We can't crowdsource the right to free speech

The BBFC's plan to put content flags on online video could work – but crowd-sourcing censorship isn't the right way to do it.

The debate over protecting children from unsuitable web content has given rise to a novel proposal for content to be rated by users, with the resulting votes going to determine the suitability of the content. Plans are reported to be underway for a traffic light age rating system for user generated videos, on which the British Board of Film Classification and its Dutch equivalent are working with service providers and government. How this will work in practice has not yet been announced but dangers for freedom of expression lurk in relying too heavily on the wisdom of the crowd.

The timing suggests that the idea may be related to the Prime Minster's proposal that households should be able to control their access to adult content online by switching on a simple filter. One of the criticisms levelled at filtering is that to be effective it will have to be a relatively blunt instrument and block both the inoffensive and the inappropriate, with a potential impact on freedom of expression. Crowd-sourced age rating of content is at first sight both appealingly simple and potentially better, allowing greater discernment between content which really is adult and that which a machine might consider so.
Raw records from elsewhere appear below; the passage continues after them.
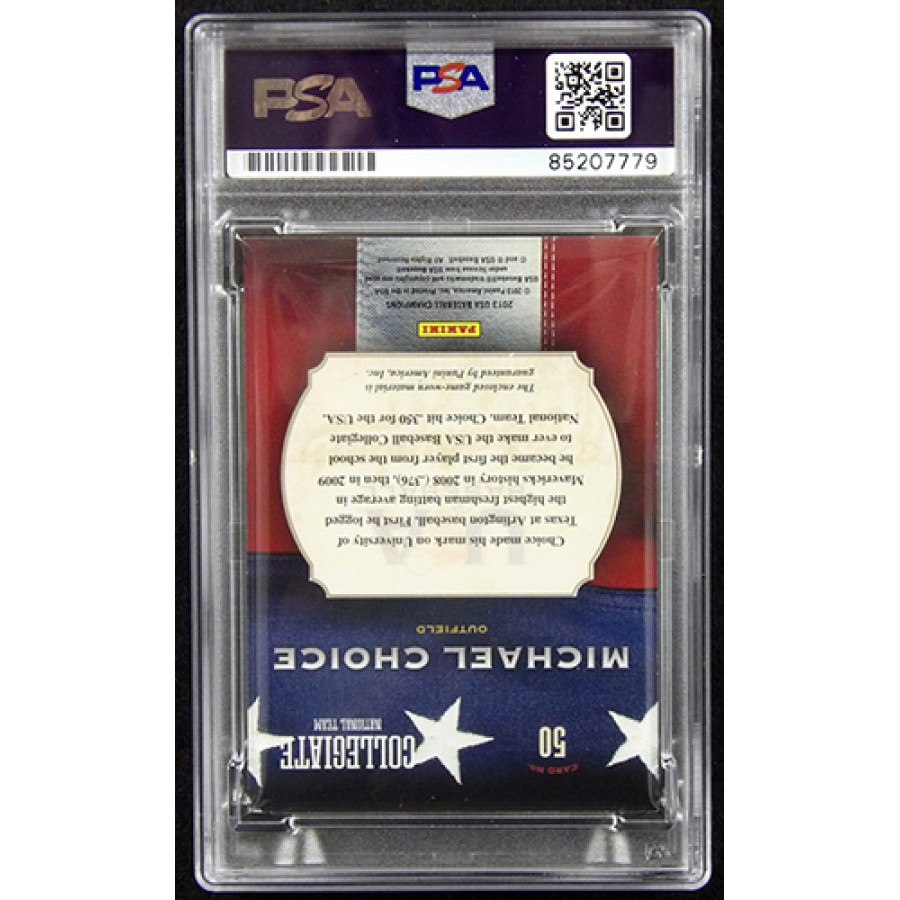 Signed Michael Choice 2013 Panini USA Baseball Champions Game Gear relic baseball card #50 in blue sharpie. This item is certified by Professional Sports Authenticator (PSA) encapsulated.
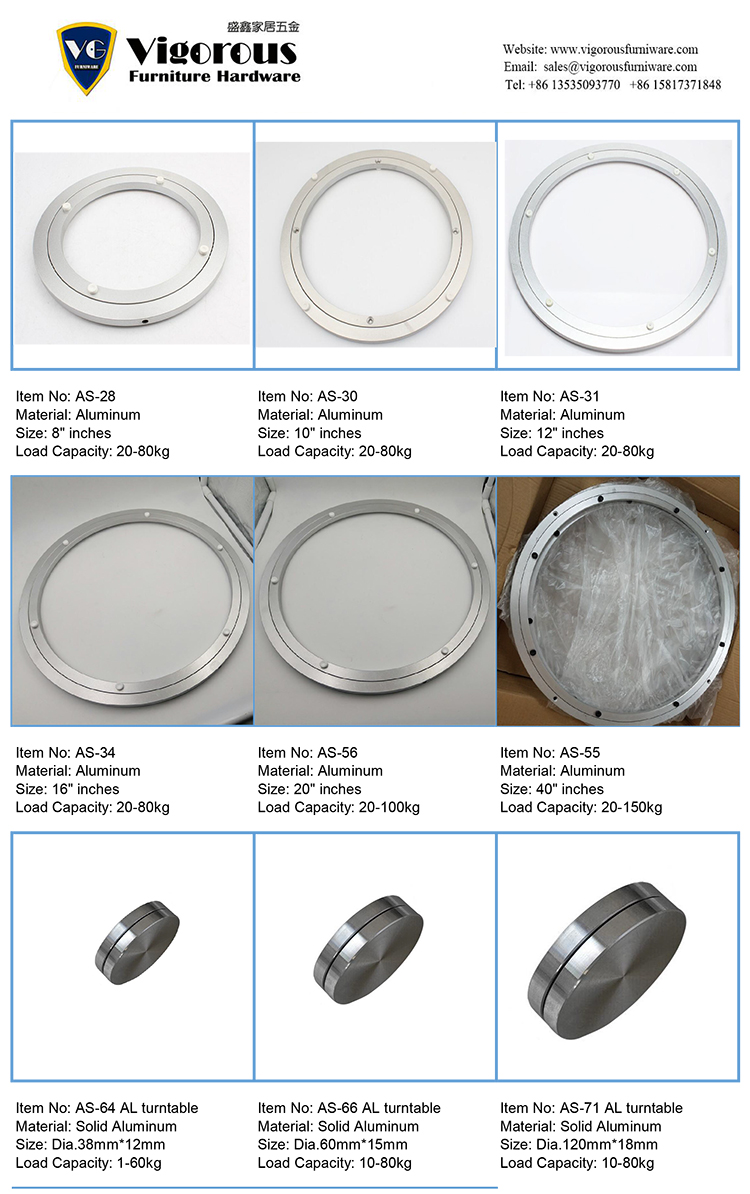 brand: KONLON and OEM color: silver port: Shanghai payment terms: L/C, Western Union, D/P, D/A, T/T, MoneyGram Package preview: Material: aluminum sample: usable Supply capacity: 50000 pieces per month MOQ: 1 item model: 14" turntable bearing lazy susan type: turntable feature: 360 degree rotation..... -
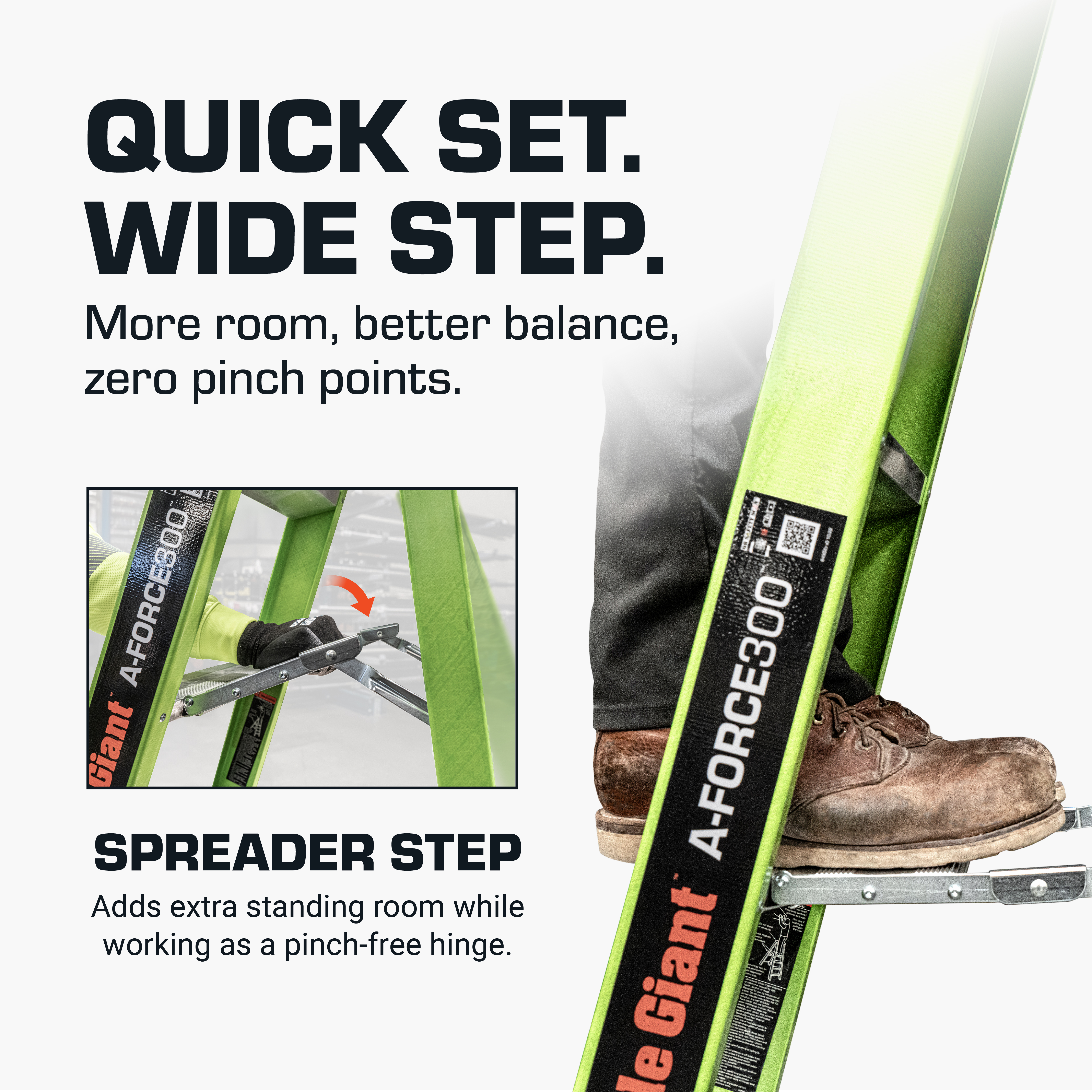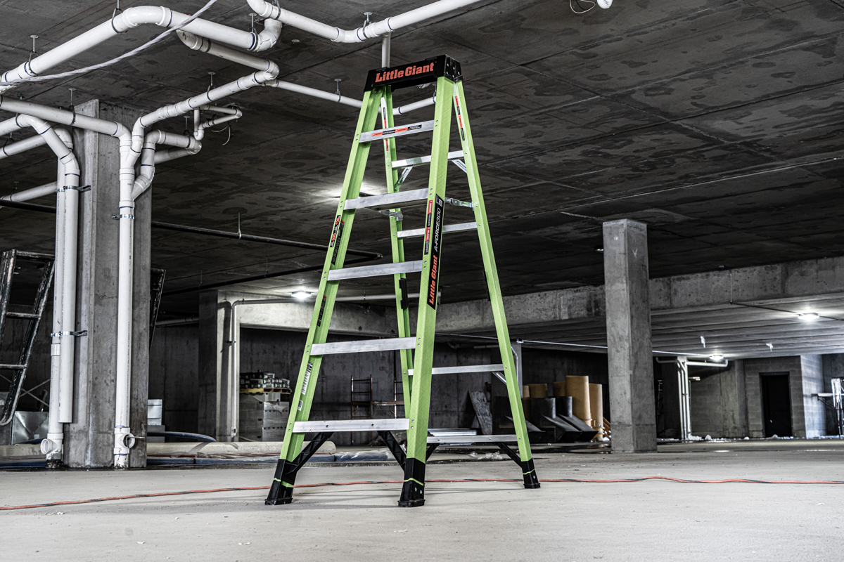 Material Fiberglass Duty Rating (Weight) 300 lbs. Country of Origin China Ladder Weight (lbs) 23 Stepladder Max Reach (in.) 124 Stepladder Max Highest Standing Level (in.) 46 Stepladder Min Highest Standing Level (in.) 46 Stepladder Minimum Footprint (in.) 43 Stepladder Maximum Footprint (in.) 43 Storage Height (in.) 72 Storage Width (in.) 24 Storage Depth (in.) 7 Top Width (in.) 14.5 Clear Width (in.) 13.4 Inside Clear Width (in.) 13.4 Outer Rung Width (in.) 3 Freight Class 300 Freight Class Description AL and/or FG Ladder NMFC 156600-11 Shipping Method FedEx Shipping Length (Ft.) 6' 2" Shipping Length (in.) 74 Shipping Width (Ft.) 2' 1" Shipping Width (in.) 25 Shipping Height (Ft.) 0' 7.25" Shipping Height (in.) 7.25 Ship Weight 28.5 Pallet Size 48 x 40 x 5 Palletized Length 74 Palletized Width 48 Palletized Height 48 Palletized Weight 410 Qty per Pallet 16 Number of Pallets 1 Number of Pallets in a 53' Truck 16 Number of Ladders in a 53' Truck 256 Stackable Pallets No Marketing Collateral https://images.salsify.com/image/upload/s--XOy425Ba--/r5cm7sfooxtn1q3dry6m.pdf Marketing Description A-Force300 Step Ladder, Type IA - Extra Heavy Duty, 6ft Short Marketing Copy A-FORCE300,6',1A,FG A-FRM LDDR-RTL PLCRD Long Marketing Copy The A-Force300™ isn’t just another A-frame. It’s built from non-conductive, jobsite-tough fiberglass for safe, all-in performance where electrical hazards live. The patent-pending 5" spreader step gives you extra room to plant your feet—more comfort, more control, more confidence. It locks in fast with a one-handed motion, cutting setup time and eliminating pinch points from outdated spreader bars. Up top, the heavy-duty cap turns into a mobile workstation. Load it with drill bits, fasteners, tape, drills, even full-size cans. It’s also compatible with the Little Giant® Ladders Work Bench (sold separately) for a full tabletop setup that keeps your gear close and your workflow tight. Down below, the A-Force300™ digs in with slip-resistant, non-marring feet that grip any surface and protect finished floors. The reinforced brace design cranks up the stability, while field-replaceable feet mean long-term reliability you can count on. Molded hand grips make carry and transport fast, easy, and comfortable—even when the job isn’t. Tough yet lightweight, this ladder hauls heavy, moves light, and keeps you visible with high-impact Hi-Viz green. Built for safety. Built to move. Built for the grind. Type IA. Rated to 300 lbs. OSHA and ANSI compliant. Marketing Bullet 1 SINGLE-HAND SETUP. FULL-FOOT COMFORT The patent-pending 5" spreader step gives you more room to work for serious balance and comfort. It opens fast with one hand to keep you moving and eliminates pinch points, unlike old-school spreader bars. Marketing Bullet 2 BUILT-IN WORKSTATION The tool tray top cap keeps your gear where it belongs—right at the top. Drills, bits, fasteners, clip-ons, screwdrivers, even paint cans. A magnetic tray holds the small stuff tight, and accessory ports unlock more storage with Little Giant® Ladders accessories. Marketing Bullet 3 ROCK-SOLID, SLIP-RESISTANT FEET Heavy-duty feet grip any surface without marking floors, and swap out fast when worn. Reinforced with a rock-solid brace design, this setup stays steady under pressure—no slips, no wobbles. Marketing Bullet 4 CARRY WITH EASE Molded hand grips at the balance points make it easy to carry and control, while also keeping the ladder secure during transport to prevent it from opening. Marketing Bullet 5 CURRENT-PROOF CONFIDENCE. Working hot? Our exclusive fiberglass blend is lightweight, jobsite-tough, and built to block live current. Marketing Bullet 6 HARD TO MISS. EASY TO SPOT. Our Hi-Viz Green Fiberglass is science-backed and jobsite-tested. Engineered in the most visible color on the light spectrum to stay seen and prevent accidents before they happen. Marketing Bullet 7 300 LBS OF UNSHAKABLE SUPPORT Type IA rated, this ladder exceeds OSHA and ANSI standards and is built to handle up to 300 lbs with unwavering reliability. Marketing Bullet 8 AMERICAN INNOVATION Designed and engineered in the USA, this ladder is packed with homegrown innovations. Full stateside oversight ensures top-notch quality so your ladder’s ready to take on the toughest jobs.
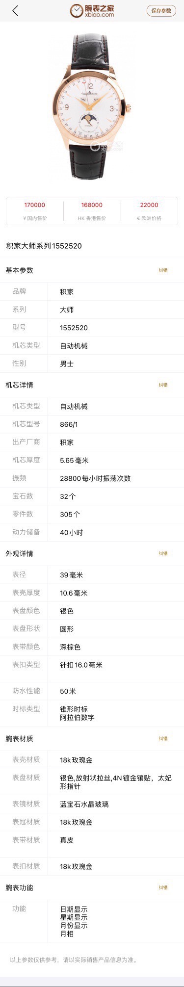 表径39mm 专柜价170000。
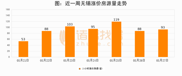 根据诸葛找房数据显示,无锡24小时涨价房源量为93套,较05月26日增加5套,环比上涨5.7%。与此同时,涨价房源占比小幅扩大,业主信心有所提升。
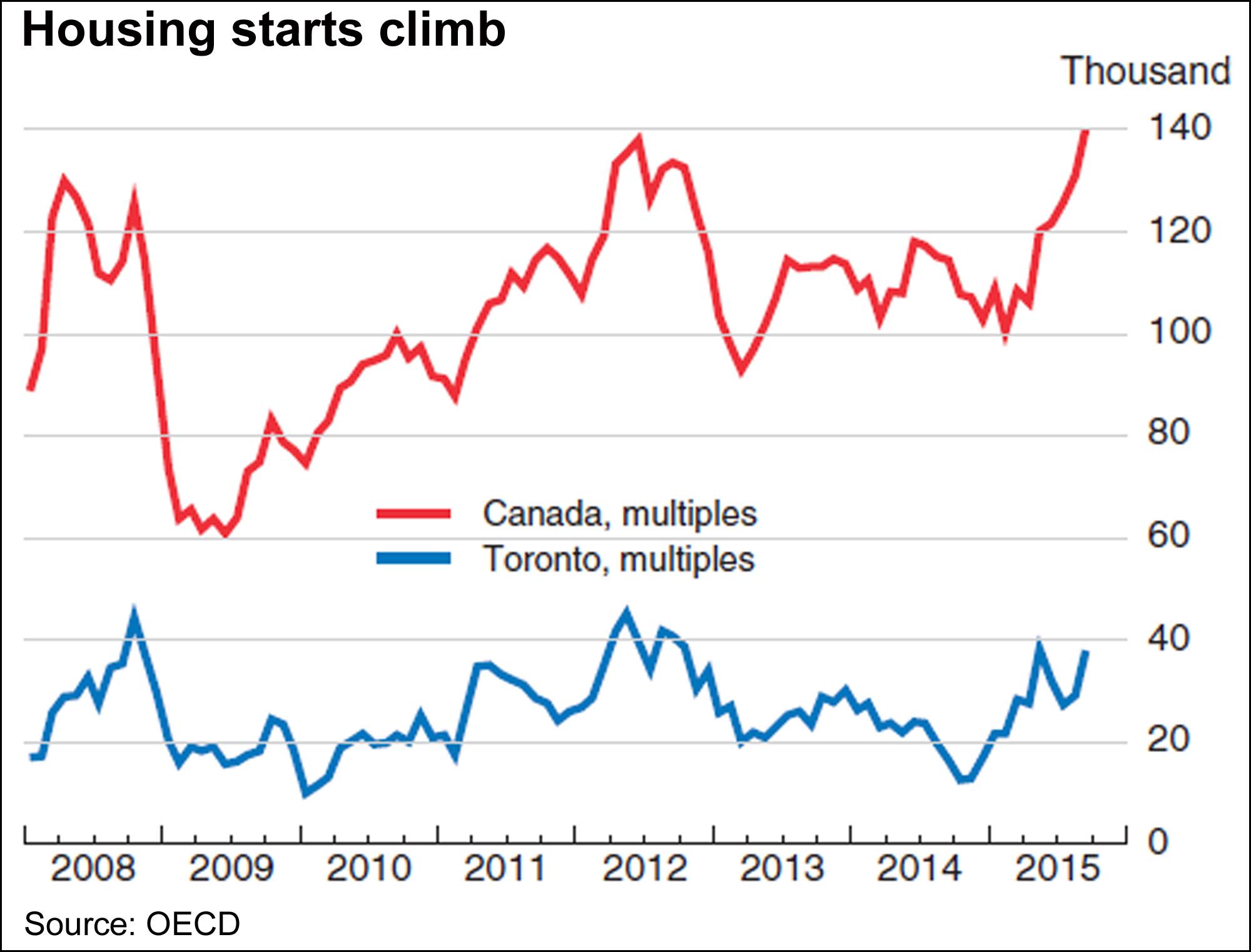 “In Ontario, and especially Toronto, economic activity has been relatively buoyant and demand by foreigners has been boosted by the falling Canadian dollar. That said, newly completed but unoccupied housing units have soared in Toronto, increasing the risk of a sharp market correction.”

Red, amber and green ratings will reportedly be arrived at through a combination of the rating applied by the work's contributor and how the audience reacts.

The web inevitably makes available some content which is unsuitable or inappropriate for children to access. Some of this will be illegal, but much more will not, or may be suitable say for over 13s or over 16s only. A traffic light system may therefore struggle to distinguish between these and runs the risk of imposing the strictest warning on masses of content by default.

A greater concern however, is how the new system will guard against becoming a tool to enable prejudices of one kind or another to be played out. The system can only operate if it is the crowd's decision which counts - the reason this is even being considered is because there is too much content for a regulator or platform to consider. Relying on the crowd assumes that a collective consciousness emerges from the great mass of web users and their shared values, rather than a set of subjective reactions. This is a dangerous assumption. As a recent MIT study reported in Science suggests, the "wisdom" of the crowd may be a myth, its mentality more akin to that of a mob or herd. 

A huge amount of content which some viewers may be strongly, even violently, opposed to can be found online. However, such content may well not be illegal, or even be the sort of content that a body such as the BBFC would normally feel the need to apply adult age ratings to - religious teachings for example. Once crowd or mob has control, how will the system ensure it cannot be hijacked to serve the values of one interest group over another? Very few votes may be enough for any piece of video content to be tagged as unsuitable. 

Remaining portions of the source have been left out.